### TASK
Only the lines from the one containing "This striking image" to the end of the data should be copied, exactly and without pictures.
─── DATA BELOW ───
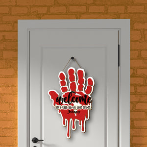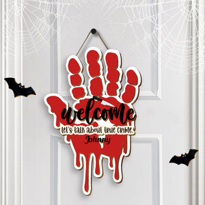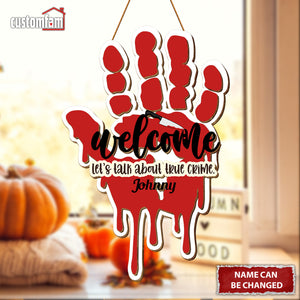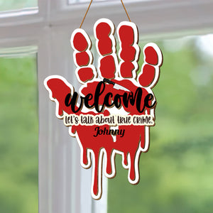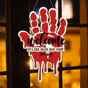 Welcome Let's Talk About True Crime Personalized 2 Layered Hand Horror Door Sign, Halloween Decor
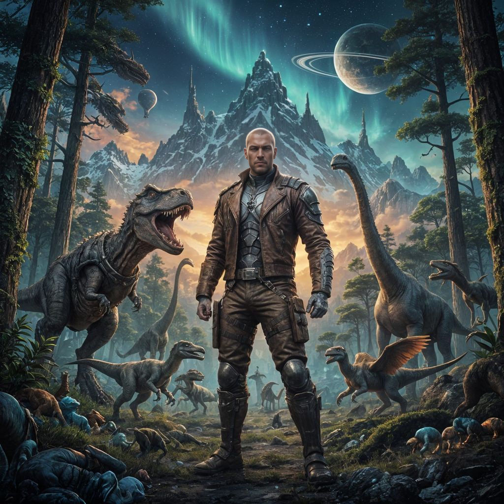 This striking image depicts a high-fantasy sci-fi cyborg in a detailed ancient setting with dinosaurs. Captured in a cinematic style with dramatic lighting and film grain.
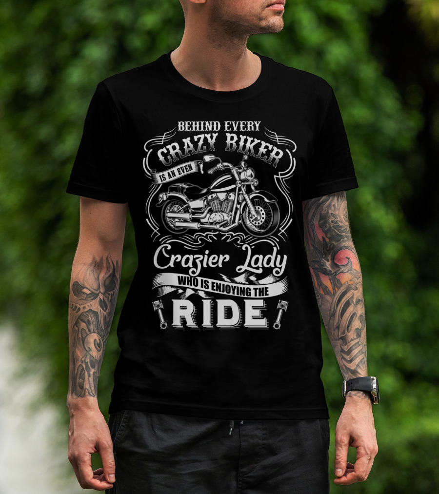 The Behind Every Crazy Biker Is an Even Crazier Lady Who Is Enjoying the Ride T-shirt is designed for everyday wear and a consistent fit. Fabric is pre-shrunk ring-spun cotton with durable stitching. See the size chart below for exact measurements.
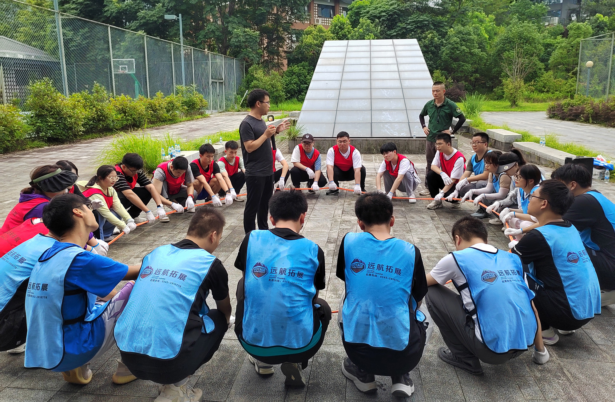 拓展培訓(xùn)活動(dòng)在教練的專業(yè)指導(dǎo)下有序進(jìn)行:新入職大學(xué)生分為2個(gè)小組,由組長(zhǎng)牽頭合作創(chuàng)建了屬于自己的團(tuán)隊(duì),為各自的團(tuán)隊(duì)設(shè)計(jì)隊(duì)名、隊(duì)歌、隊(duì)旗及口號(hào),并共同完成瘋狂市場(chǎng)、急速60秒、雙解碼及生命動(dòng)力圈等一系列活動(dòng)。
───
### RESPONSE BELOW
 This striking image depicts a high-fantasy sci-fi cyborg in a detailed ancient setting with dinosaurs. Captured in a cinematic style with dramatic lighting and film grain.
 The Behind Every Crazy Biker Is an Even Crazier Lady Who Is Enjoying the Ride T-shirt is designed for everyday wear and a consistent fit. Fabric is pre-shrunk ring-spun cotton with durable stitching. See the size chart below for exact measurements.
 拓展培訓(xùn)活動(dòng)在教練的專業(yè)指導(dǎo)下有序進(jìn)行:新入職大學(xué)生分為2個(gè)小組,由組長(zhǎng)牽頭合作創(chuàng)建了屬于自己的團(tuán)隊(duì),為各自的團(tuán)隊(duì)設(shè)計(jì)隊(duì)名、隊(duì)歌、隊(duì)旗及口號(hào),并共同完成瘋狂市場(chǎng)、急速60秒、雙解碼及生命動(dòng)力圈等一系列活動(dòng)。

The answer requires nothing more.